* The task:
The pictures are to be omitted when the entries are reproduced exactly.

*** Begin section ***

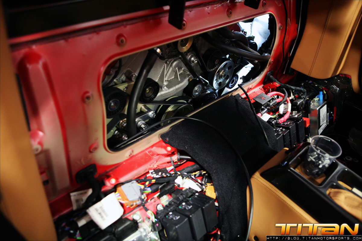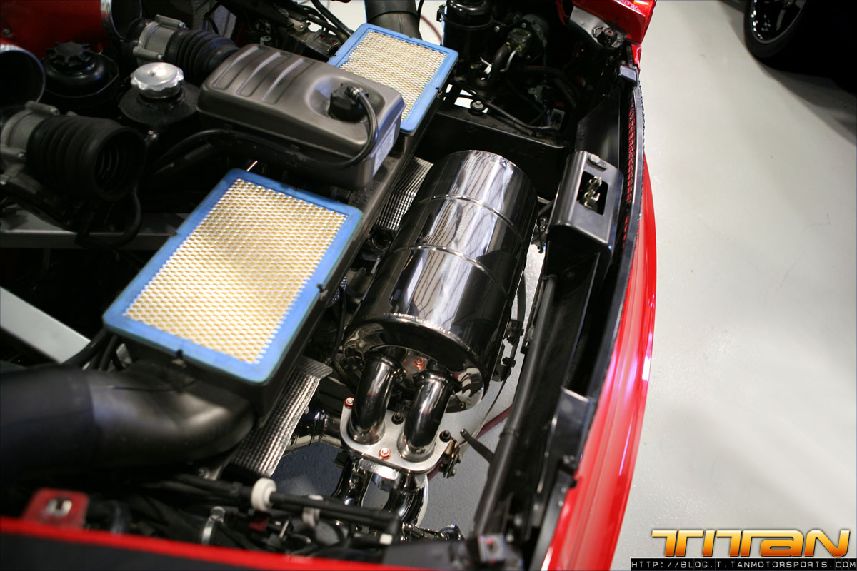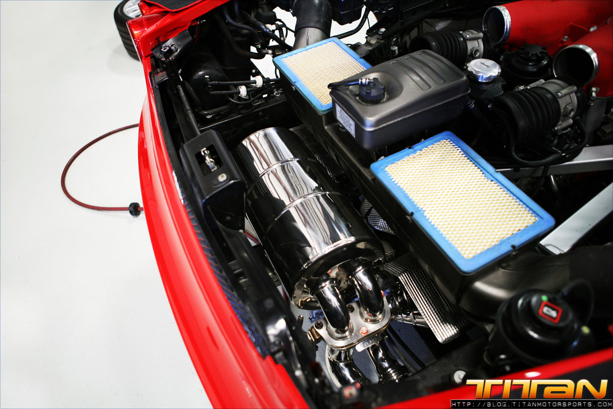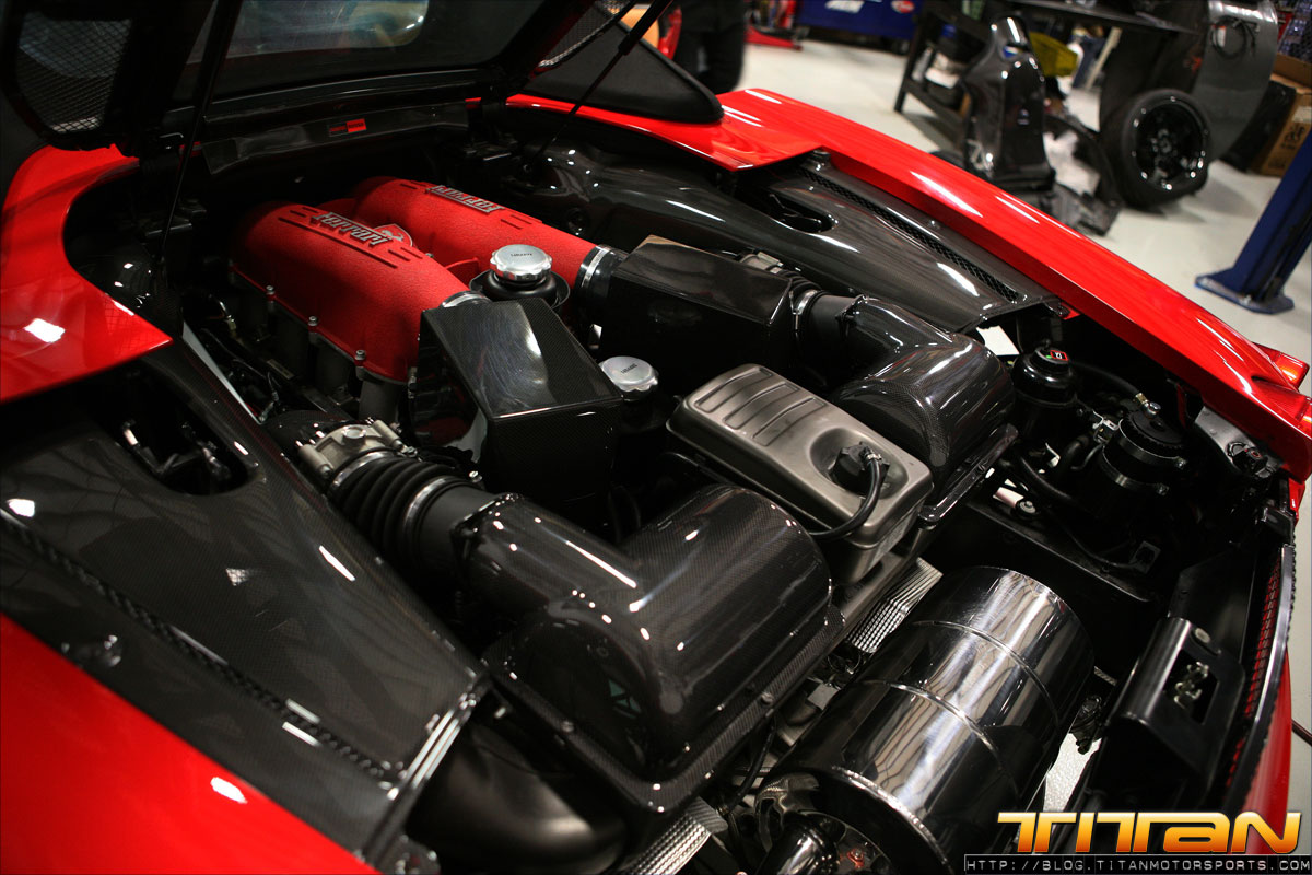 Living and operating in a major metropolitan area, seeing Ferraris and other exotics becomes a somewhat common occurrence. This particular owner wanted to make his Spyder stand out from the pack and what better way than by adding a twin supercharger kit from Novitec. The Novitec Rosso kit adds twin Rotrex Superchargers to the factory 4.3L V8, combined with Novitec engineered hardware and software upgrades the horsepower is increased to 636HP. The kit adds just as much aesthetic appeal as performance with carbon piping dress panels letting curious onlookers viewing through the F430s glass trunk lid know this isn’t your standard Ferrari. The complete kit takes less than 3 days to install and can be combined with additional suspension, brake and exterior modifications, and even a race kit for those looking to take their Ferrari to an even further level.
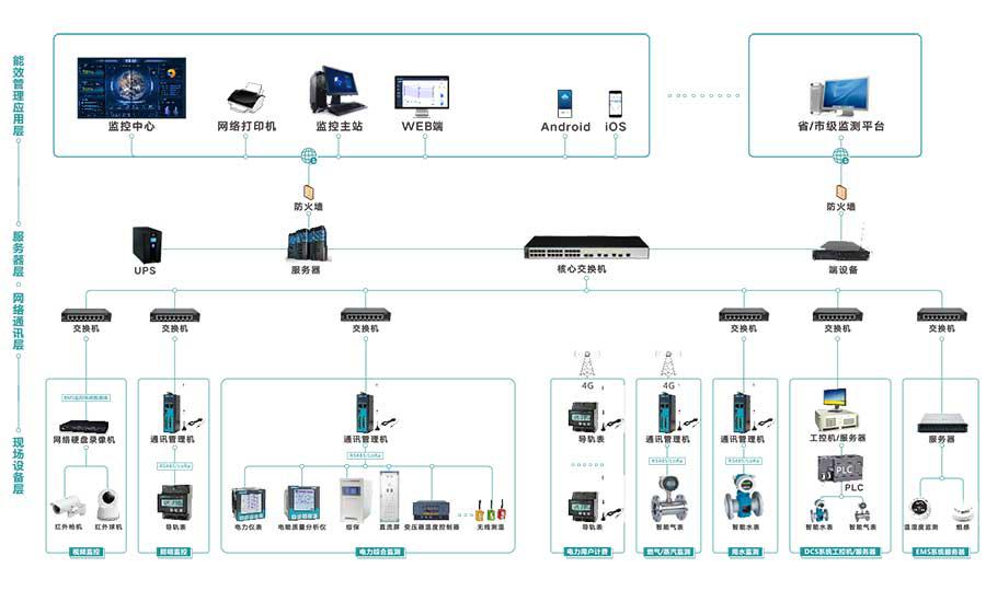 T@Energy智慧能源管理系統架構包括能效管理層、網絡通訊層、現場設備層三層架構。本方案結合網絡通訊、數據庫產品和技術建立一套先進的、符合非金屬礦物制品業管理應用功能的能源管理系統。
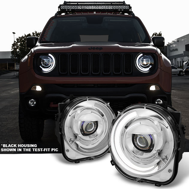 AKKON - For NEW Design 2015 2016 2017 2018 Jeep Renegade C-Shape LED Tube Projector Headlights + 6000K HID Kit
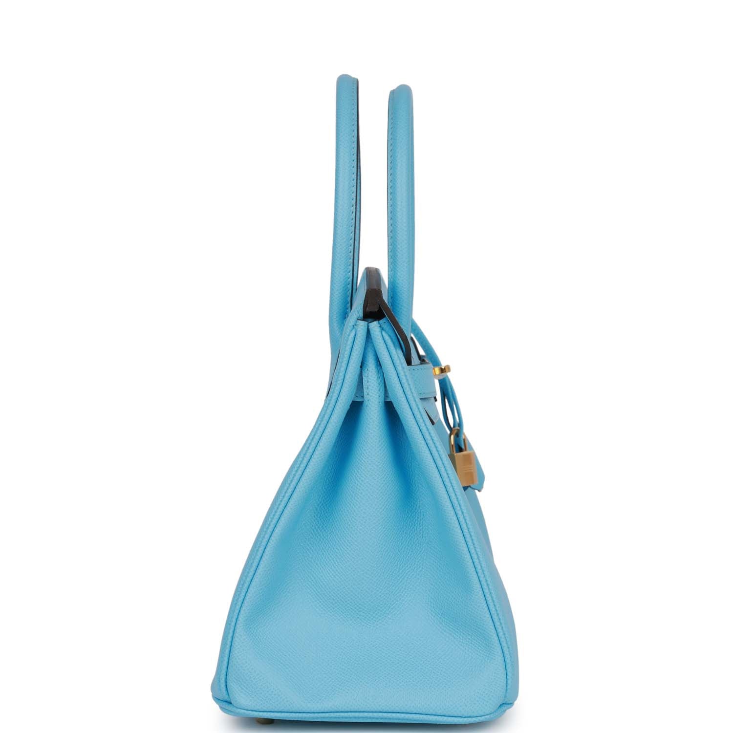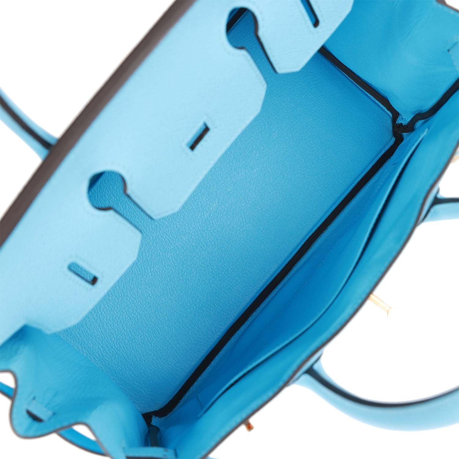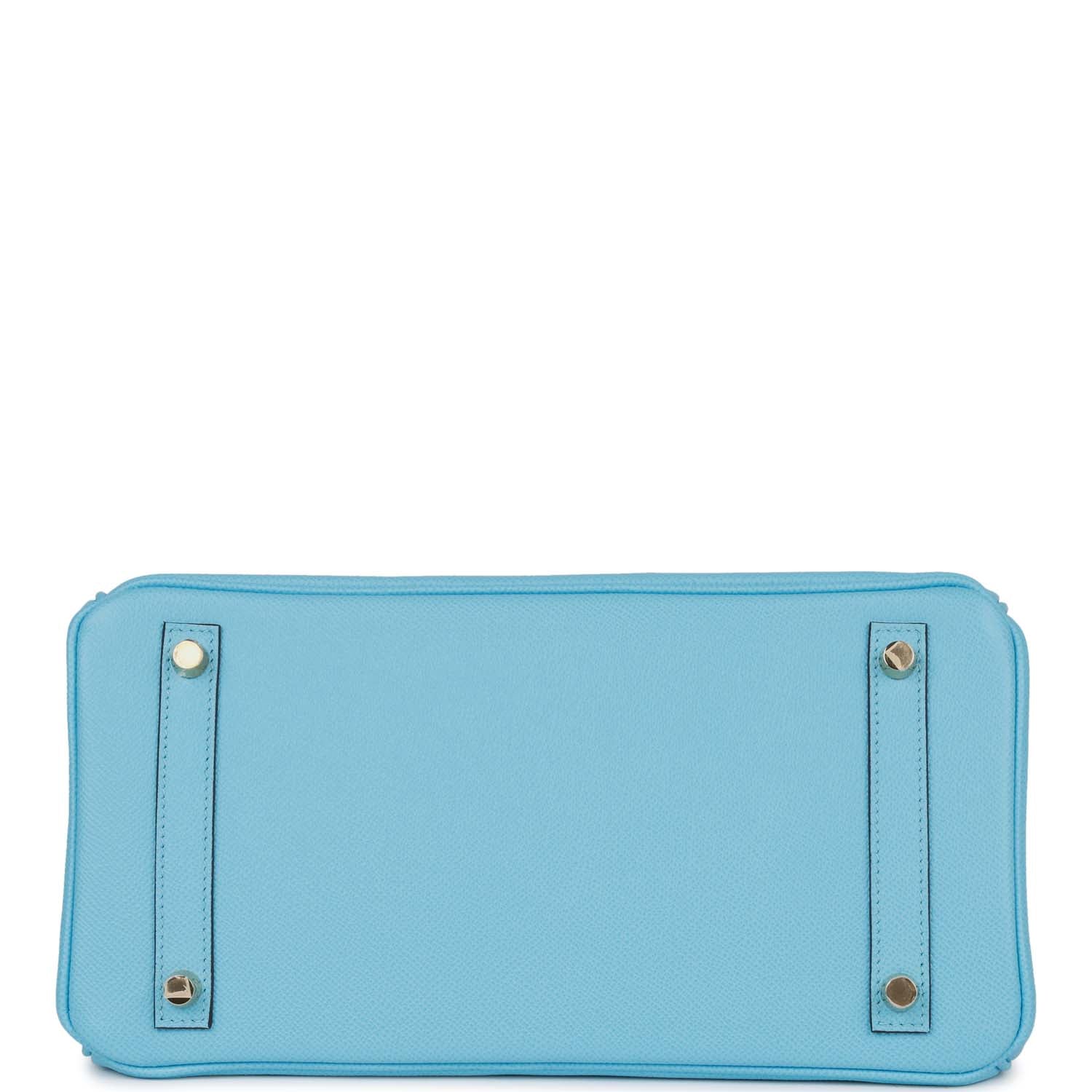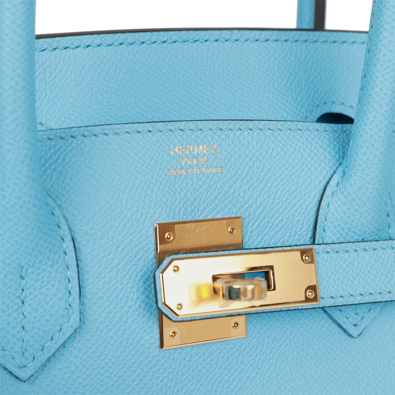 This Birkin is in Bleu Celeste epsom leather with gold hardware, tonal stitching, front flap with two straps, front toggle closure, clochette with lock and two keys, and double rolled handles.
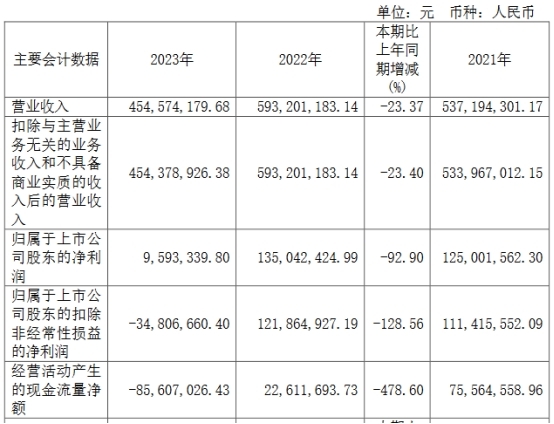 2023年,公司公司实现营业收入4.55亿元,同比下降23.37%;归属于上市公司股东的净利润959.33万元,同比下降92.90%;归属于上市公司股东的扣除非经常性损益的净利润-3480.67万元,上年同期为1.22亿元;经营活动产生的现金流量净额为-8560.70万元,上年同期为2261.17万元。

*** End section ***

* Task solution:
 Living and operating in a major metropolitan area, seeing Ferraris and other exotics becomes a somewhat common occurrence. This particular owner wanted to make his Spyder stand out from the pack and what better way than by adding a twin supercharger kit from Novitec. The Novitec Rosso kit adds twin Rotrex Superchargers to the factory 4.3L V8, combined with Novitec engineered hardware and software upgrades the horsepower is increased to 636HP. The kit adds just as much aesthetic appeal as performance with carbon piping dress panels letting curious onlookers viewing through the F430s glass trunk lid know this isn’t your standard Ferrari. The complete kit takes less than 3 days to install and can be combined with additional suspension, brake and exterior modifications, and even a race kit for those looking to take their Ferrari to an even further level.
 T@Energy智慧能源管理系統架構包括能效管理層、網絡通訊層、現場設備層三層架構。本方案結合網絡通訊、數據庫產品和技術建立一套先進的、符合非金屬礦物制品業管理應用功能的能源管理系統。
 AKKON - For NEW Design 2015 2016 2017 2018 Jeep Renegade C-Shape LED Tube Projector Headlights + 6000K HID Kit
 This Birkin is in Bleu Celeste epsom leather with gold hardware, tonal stitching, front flap with two straps, front toggle closure, clochette with lock and two keys, and double rolled handles.
 2023年,公司公司实现营业收入4.55亿元,同比下降23.37%;归属于上市公司股东的净利润959.33万元,同比下降92.90%;归属于上市公司股东的扣除非经常性损益的净利润-3480.67万元,上年同期为1.22亿元;经营活动产生的现金流量净额为-8560.70万元,上年同期为2261.17万元。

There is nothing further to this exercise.